#### TASK OBJECTIVE:
Retype, exactly and completely, the listing that comes next, skipping its images.

#### SUPPLIED INFORMATION:
-- Opening Marker --

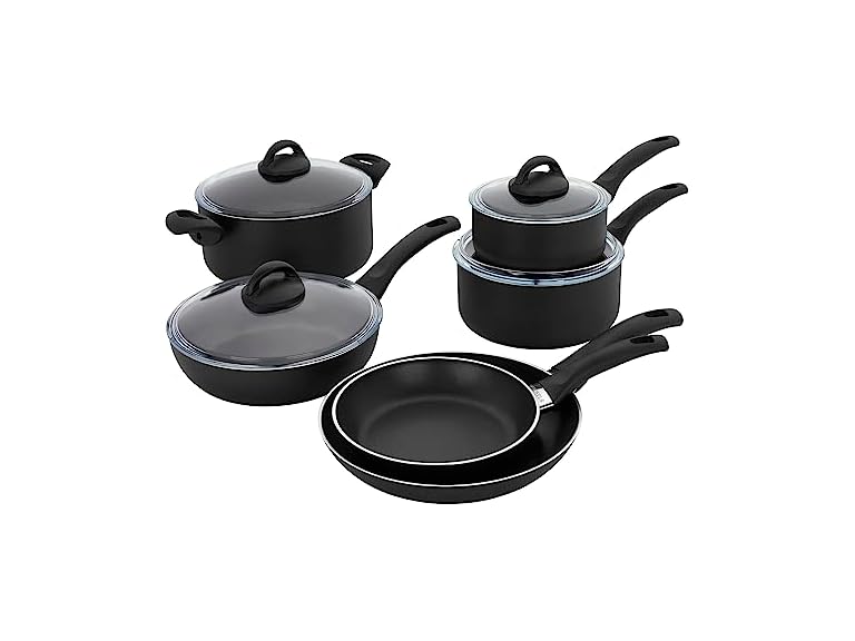 - QUICK HEATING: Lightweight aluminum construction cookware set heats up evenly and quickly.
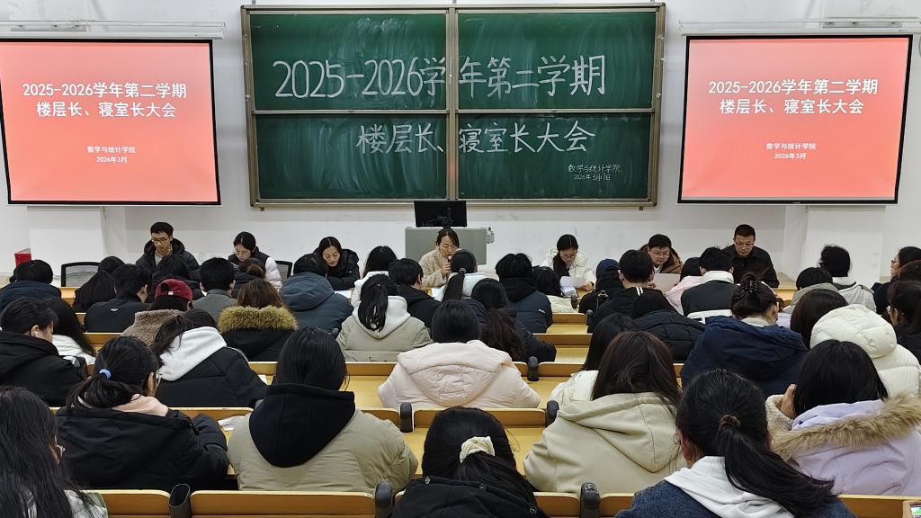 为进一步夯实宿舍育人阵地,提升宿舍精细化管理水平,明确学生骨干职责,筑牢校园安全防线,营造积极向上、健康文明的宿舍氛围,3月17日晚,数学与统计学院在综合楼202教室召开了2025-2026学年第二学期楼层长、寝室长大会。学院党总支副书记田媛、全体辅导员及各楼层长、寝室长参加了此次会议。大会由田媛主持。
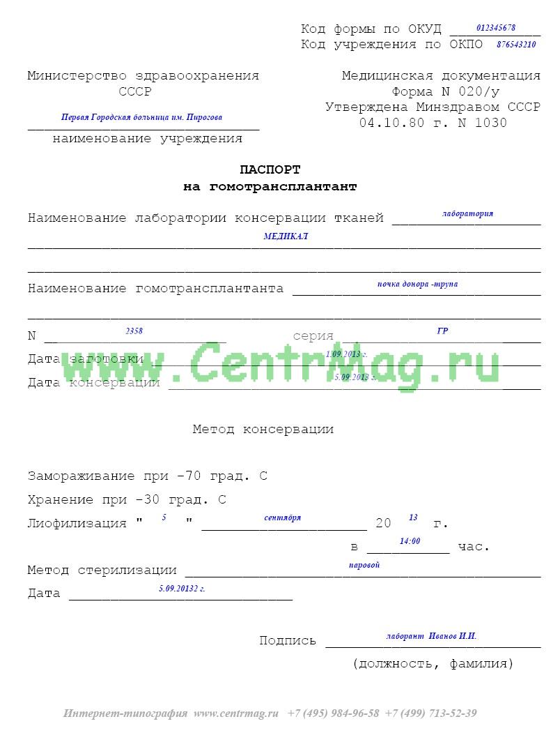 Форма паспорта на гомотрансплантант (Форма 020/у) утверждена Приказом Минздрава СССР № 1030 «Об утверждении форм первичной медицинской документации учреждений здравоохранения» от 04 октября 1980 (с изменениями на 31 декабря 2002 года)., который утратил силу.
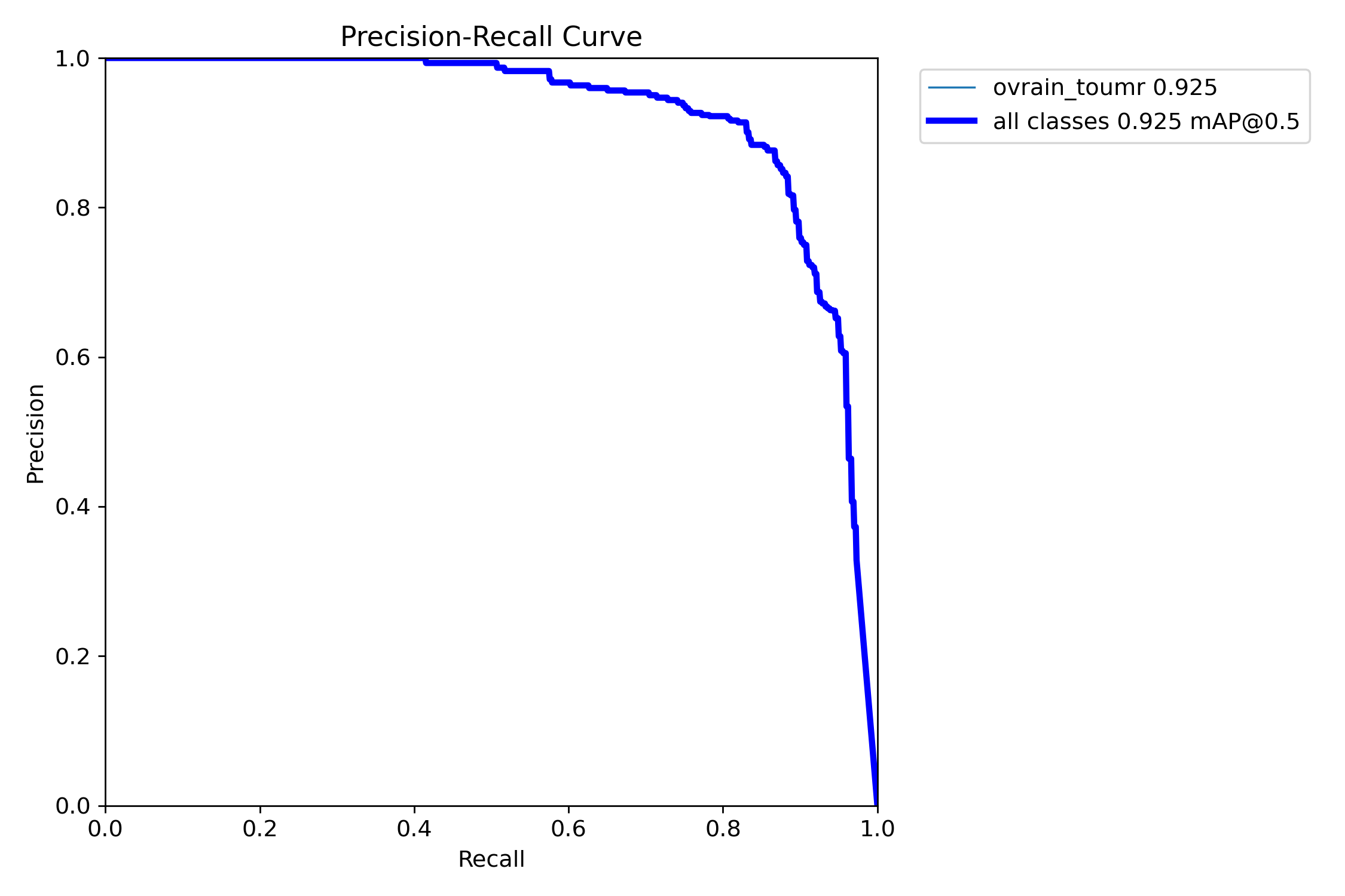 总结:该PR曲线清晰展示了模型在"ovrain_tournr"类别上的卓越表现,并且整体mAP@0.5指标同样展现出较高的准确性。

-- Closing Marker --

#### TASK RESULT:
 - QUICK HEATING: Lightweight aluminum construction cookware set heats up evenly and quickly.
 为进一步夯实宿舍育人阵地,提升宿舍精细化管理水平,明确学生骨干职责,筑牢校园安全防线,营造积极向上、健康文明的宿舍氛围,3月17日晚,数学与统计学院在综合楼202教室召开了2025-2026学年第二学期楼层长、寝室长大会。学院党总支副书记田媛、全体辅导员及各楼层长、寝室长参加了此次会议。大会由田媛主持。
 Форма паспорта на гомотрансплантант (Форма 020/у) утверждена Приказом Минздрава СССР № 1030 «Об утверждении форм первичной медицинской документации учреждений здравоохранения» от 04 октября 1980 (с изменениями на 31 декабря 2002 года)., который утратил силу.
 总结:该PR曲线清晰展示了模型在"ovrain_tournr"类别上的卓越表现,并且整体mAP@0.5指标同样展现出较高的准确性。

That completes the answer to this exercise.